O intercâmbio econômico com os centros mais populosos foi, nos primeiros tempos, dificultado pela morosidade dos transportes entre os centros produtores e as regiões centrais e o litoral. O aproveitamento dos rios, entretanto, facilitou em grande parte o comércio importador e exportador, e ainda antes da República, providências foram tomadas no sentido da abertura de rodovias, visando-se ao engrandecimento da região. Mais tarde, quando o desenvolvimento agrícola e industrial veio a exigir maior capacidade de escoamento para a produção local, tiveram inicio as construções ferroviárias.
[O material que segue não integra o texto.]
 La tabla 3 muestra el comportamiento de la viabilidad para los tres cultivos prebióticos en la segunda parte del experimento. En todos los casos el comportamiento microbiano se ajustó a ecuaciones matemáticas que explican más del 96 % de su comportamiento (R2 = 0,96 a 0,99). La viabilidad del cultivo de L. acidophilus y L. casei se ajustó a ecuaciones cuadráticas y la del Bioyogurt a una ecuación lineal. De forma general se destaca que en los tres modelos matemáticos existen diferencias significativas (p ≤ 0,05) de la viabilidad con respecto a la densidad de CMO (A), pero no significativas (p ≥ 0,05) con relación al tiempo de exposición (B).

A inauguração dos ramais da Estrada de Ferro Cantagalo - hoje Leopoldina e da Estrada de Ferro Maricá concorreram decisivamente para o progresso de toda a Baixada Fluminense.
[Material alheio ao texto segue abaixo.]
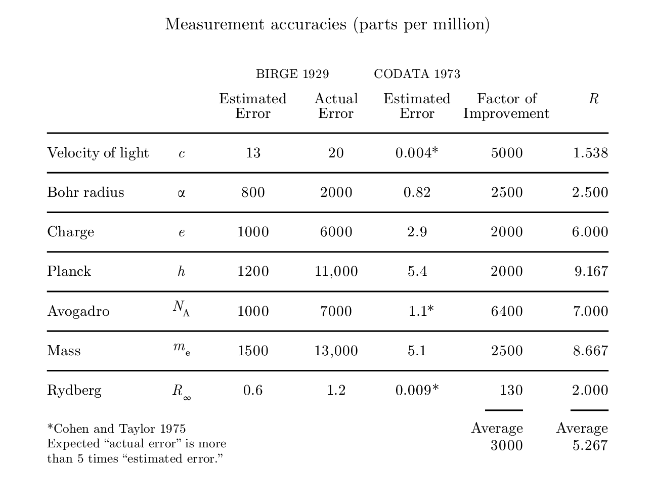 ด้วยการวัดเชิงสถิติอย่างตรงไปตรงมา ค่าคงที่ทางฟิสิกส์ที่ดีที่สุดในตารางจึงไม่ได้แม่นยำอย่างที่อ้างไว้ ทำไมจึงเป็นเช่นนี้? ความประมาทและความมองโลกในแง่ดีเป็นปัจจัยหลัก การครุ่นคิดนานยังบอกว่าทักษะการทดลองปัจจุบันที่คุณถูกสอนก็มักมีข้อบกพร่องและทำให้เกิดความผิดพลาดในการอ้างความแม่นยำ ลองพิจารณาวิธีที่คุณทำการทดลองจริงๆ ไม่ใช่ในทฤษฎี คุณประกอบอุปกรณ์และเปิดมัน แน่นอนว่าอุปกรณ์มักจะทำงานผิดพลาด ดังนั้นคุณจึงต้องใช้เวลาบ่อยครั้งเป็นสัปดาห์เพื่อให้มันทำงานได้ จากนั้นคุณก็พร้อมจะเก็บข้อมูล แต่ก่อนอื่นคุณจะต้อง ปรับตั้งละเอียด ทำอย่างไร? โดยปรับจนได้การทดลองที่สม่ำเสมอ! พูดง่ายๆ คือ คุณปรับเพื่อลดความแปรปรวน; แล้วคุณจะทำอย่างอื่นได้อย่างไร? แต่ข้อมูลที่มีความแปรปรวนน้อยนี้แหละที่คุณส่งให้นักสถิติและใช้เพื่อประมาณค่าความผันแปร คุณไม่ได้ส่งข้อมูลที่ถูกต้องจากการปรับที่ถูกต้อง—คุณไม่รู้วิธีทำ—คุณส่งข้อมูลที่มีความแปรปรวนน้อย แล้วรับความเชื่อถือสูงที่คุณอยากอ้างจากนักสถิติ! นั่นเป็นปฏิบัติทั่วไปในห้องปฏิบัติการ! ไม่แปลกใจเลยที่ข้อมูลจะไม่ค่อยแม่นยำตามที่อ้างไว้

A proximidade da Capital da Província dificultou a emancipação de São Gonçalo, não obstante a posição de destaque que ostentava já em meados do século XIX. Só em 1890 se desligou de Niterói, tornando-se Município. Mesmo assim, vários fatores continuaram a influir em contrário à nova situação, do que resultou a supressão do Município, dois anos depois. Com tal decisão não concordaram os habitantes, os quais, poucos meses após, viram coroada de êxito a campanha reivindicadora.

Capela de Nossa Senhora da Luz

Situação e ambiência: Exemplo de Arquitetura Colonial que serviu de inspiração para escritora Inglesa Maria Graham que, em 1822, ficou encantada com sua beleza. A viajante pintou um quadro com a imagem da Capela construída sobre as areias da Praia da luz e deixou registros no seu livro Diário de uma viagem ao Brasil, que se encontra atualmente exposto no Museu Britânico. Suas portas de cedro entalhado vieram da Bahia no século XVIII e seu piso é de lajota de barro cozido.Época de construção e ou elaboração: Construído na primeira metade do século XVII, em 1647 aproximadamente.
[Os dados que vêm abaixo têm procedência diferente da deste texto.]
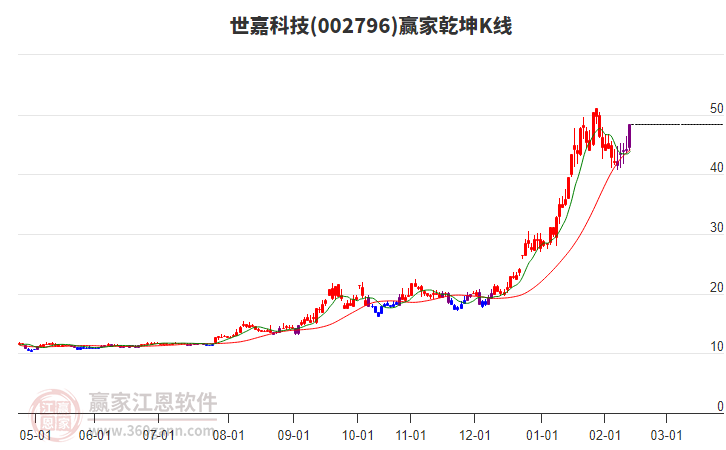 世嘉科技(002796)以48.4元漲停,等距時間線工具顯示近期時間窗2月17日

Em 1872 as terras ao seu redor eram de propriedade do então padre Antônio Ferreira Goulart, depois Cônego Goularte. Características construtivas: A Capela da Luz foi tombada juntamente com seu complexo paisagístico por lei municipal de 1855. Possui sala de sacristia , confessionário ( o piso ainda se encontra conservado em pedra), o altar foi restaurado há dois anos, as telhas coloniais ainda do tempo da fundação da capela estão conservadas alguns moveis e janelas já são contemporâneas, a porta do interior da capela data 355 anos (porta em ouro), a pia batismal ainda está conservada, aporta da entrada em madeira maciça cerejeira e a porta lateral também com detalhes do século XVII e o sino foi roubado.

Capela de Sant`Ana

A Capela Nossa Senhora de Sant`Ana em estilo clássico e azulejos centenários que foram trazidos de Portugal, construída no século XVII.

Fazenda do Colubandê

Originariamente, a Fazenda Colubandê era o engenho de Nossa Senhora de Monserrate, a padroeira da capela anexa, que mais tarde passou a se chamar Nossa Senhora de Santana. Os historiadores presumem que sua construção seria anterior ao ano de 1620.

O casarão foi construído em estilo barroco no século XVIII e conta com 38 cômodos, incluindo quatro no subsolo, onde ficavam as senzalas que abrigavam os escravos. Suas telhas de rara beleza impressionavam. Eram moldadas pelos escravos que usavam as próprias coxas. A fazenda foi considerada uma das maiores produtoras de cana-de-açúcar da região. A Fazenda Colubandê foi tombada em 1939. Sua sede tem um valor expressivo e é um marco da arquitetura rural brasileira em virtude da sua beleza e mais, da sua importância sócio-cultural.

Atualmente, dentro de uma área de 122.141 metros quadrados, onde se encontra a sede da Fazenda Colubandê, o Governo do Estado construiu um complexo esportivo, dotado de pista de atletismo, campo de futebol com refletores, quadras de basquete, vôlei e futebol de salão, tênis de mesa, trilha para caminhada e anfiteatro. O espaço é bastante freqüentado, inclusive por estudantes que buscam aprofundar seus conhecimentos através de periódicas visitas promovidas pelas instituições educacionais do município.